Immunotherapy (allergy shots).
The immunization procedure begins with injections of small amounts of purified "extracts" of the substances that are causing allergic reactions. For example, the animal dander, dust mites, or pollen. Each of these has proteins which can be used to induce tolerance when properly administered. The immunization injections are approved for this purpose by the U.S. Food and Drug Administration (FDA) and, over the years, have been improved considerably.
Allergy shots stimulate the immune system to fight allergies safely, effectively and naturally. Beginning with small doses and increasing gradually on a twice weekly or weekly basis, the therapy continues until a maintenance level is achieved. Then the maintenance dose is injected on a less frequent basis.

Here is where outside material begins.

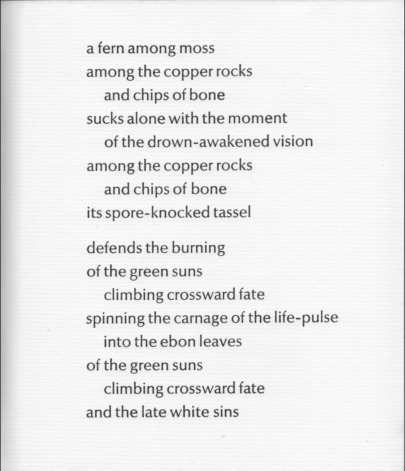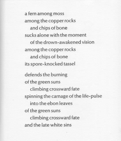 a fern among moss among the copper rocks and chips of bone sucks alone with the moment of the drown-awakened vision among the copper rocks and chips of bone its spore-knocked tassel defends the burning of the green suns climbing crossward fate spinning the carnage of the life-pulse into the ebon leaves of the green suns climbing crossward fate and the late white sins |

Immunity does not occur immediately, but patients can begin to feel better quickly. In many patients, treatment can be discontinued after 3 or 5 years and the immunity is maintained for several additional years. For others, treatment may be needed for longer periods of time.
With the immune system restored to good health, fewer or no medications may be required. Work or school days are no longer missed. The burden of allergies is lifted, and allergies are no longer an issue in daily life.

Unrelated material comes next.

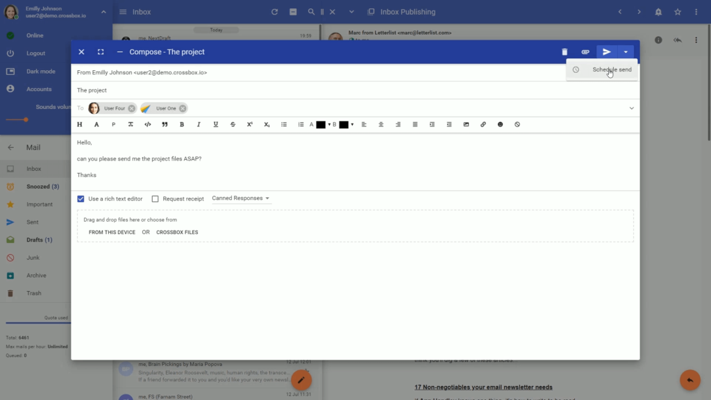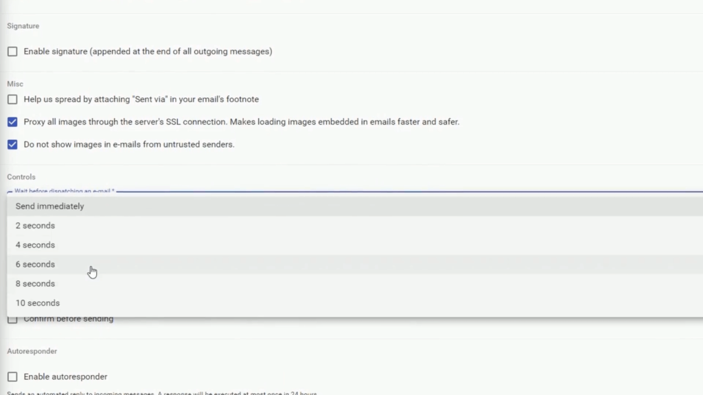 Opzione per ritardare l’invio delle email, consentendo di annullare l’invio in caso di ripensamenti.

Candidates for immunotherapy include patients of all ages. Pregnant patients may continue treatment started prior to pregnancy.

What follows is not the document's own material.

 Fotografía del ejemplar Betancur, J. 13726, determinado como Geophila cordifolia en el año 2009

Until recently, allergy shots (immunotherapy) had been used as a last resort after medications and environmental control efforts had been unsuccessful. Recent studies suggest that immunotherapy should begin sooner rather that later. As opposed to antihistamines, which treat symptoms, or inhaled steroids, which prevent symptoms, allergy shots are designed to actually eliminate the underlying allergy. The Practice Parameters for Allergen Immunotherapy quote studies stating that receiving allergy shots for one or two items actually prevents the formation of allergies to other allergens. The Practice Parameters also point out that for children with allergies limited to the nose and sinuses, allergy shots reduce the chances that the allergy will progress to asthma, decrease the frequency of sinus and bronchial infections, and enable patients to get better sooner and stay better longer.